Basically, I want to use nftw to traverse the directory tree and perform a task(myexecutable).

this function nftw takes for example (fn) as an argument and uses it as a callback function.

Now I am planning to use a classic fork-exec inside this callback function that I have defined to gain as much speed as possible by distributing the task over multiple instances of the same process for different files to make that happen almost at simultaneously.

lets say I want to do action P on every file. so I define my callback function like:

static int fn(const char* pathname, const struct stat* st, int tf, struct FTW* ff){
    if(tf == FTW_F){
        if(fork() == 0){
            execl("myexecutable", "myexecutable", pathname, NULL);
            exit(0);
        }else{
            return 0;
        }
    }
}

also different instances of myexecutable do not in anyway depend on each other or share any resources. and they don't need to communicate with the parent process and vice versa.

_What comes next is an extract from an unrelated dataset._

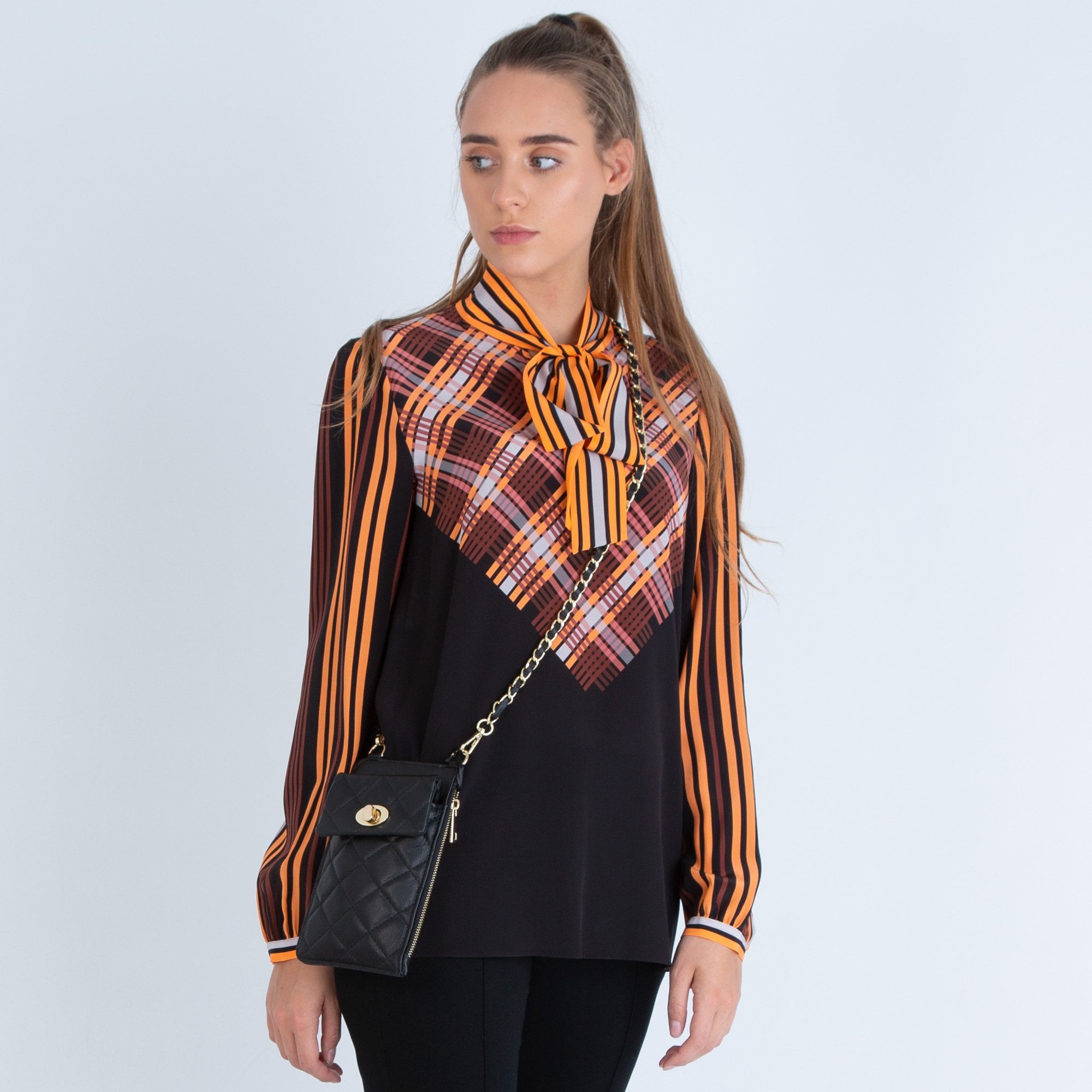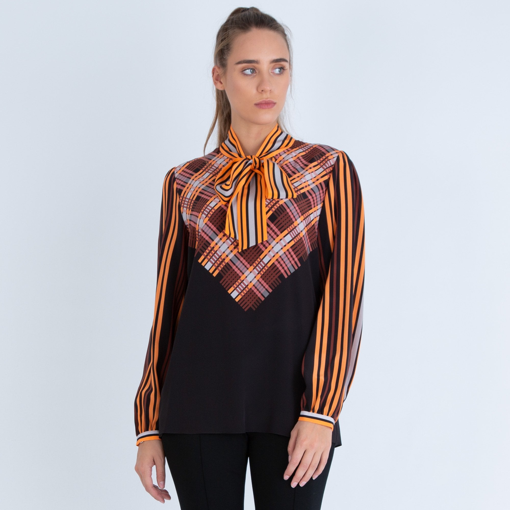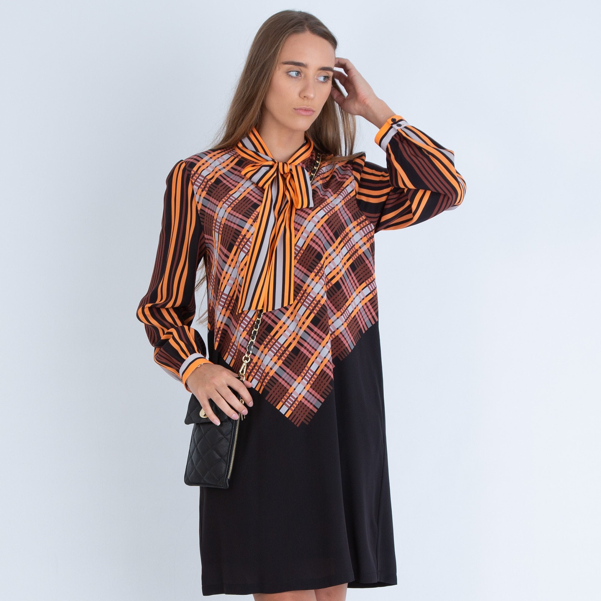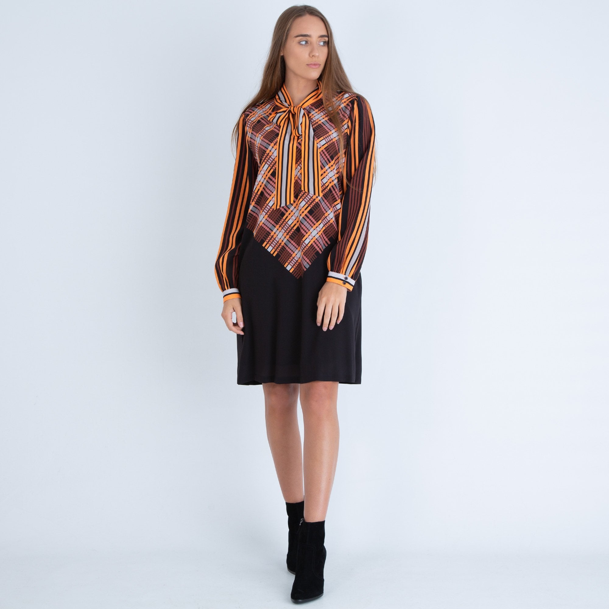 Marc Cain Pussy Bow Plain Hem Dress Orange/Black

can this cause a problem with the calling function?

should I expect nftw to go crazy over this or show undefined behavior?

hirad davari
  • 103
  • 6
  • 2
    execl will replace the running process, so the fact that you are in a callback doesn't matter. – stark Aug 22 '22 at 13:11
  • 1
    If you incorporate the logic in `myexecutable` into the program starting `myexecutable` you could use threads instead. It is often faster to start a thread than doing `fork()` + `exec*()`. – Ted Lyngmo Aug 22 '22 at 13:23
  • 2
    It may be safer to call either `_exit` or `_Exit` instead of `exit` if the `execl` call returns in the child process. – Ian Abbott Aug 22 '22 at 13:25
  • 1
    You should print an error message and exit with a non-zero status if `execl()` fails. You should probably print an error message when `fork()` fails, rather than just reporting success — as you might well run out of processes on a big file system. You are right not to bother checking the return value from `execl()` — if it succeeds it doesn't return; if it returns, it failed. You probably need to beware of the number of zombie processes this can create. – Jonathan Leffler Aug 22 '22 at 14:12
  • @JonathanLeffler Thank you. I am aware of that problem. The solution I came up with is that the dispatching function will keep track of the child processes and will put a reasonable limit on the number of them. It will perform a wait(&st) before calling a new fork. – hirad davari Aug 23 '22 at 07:50
  • Rather than `wait()`, consider a loop using `waitpid()` with the `WNOHANG` option. That will collect multiple children (one per iteration) without blocking. – Jonathan Leffler Aug 23 '22 at 10:56

1 Answers1

7

This won't be a problem because you're calling execl immediately after the new process is forked. All process memory, including any state nftw might have, is replaced with that of the new program.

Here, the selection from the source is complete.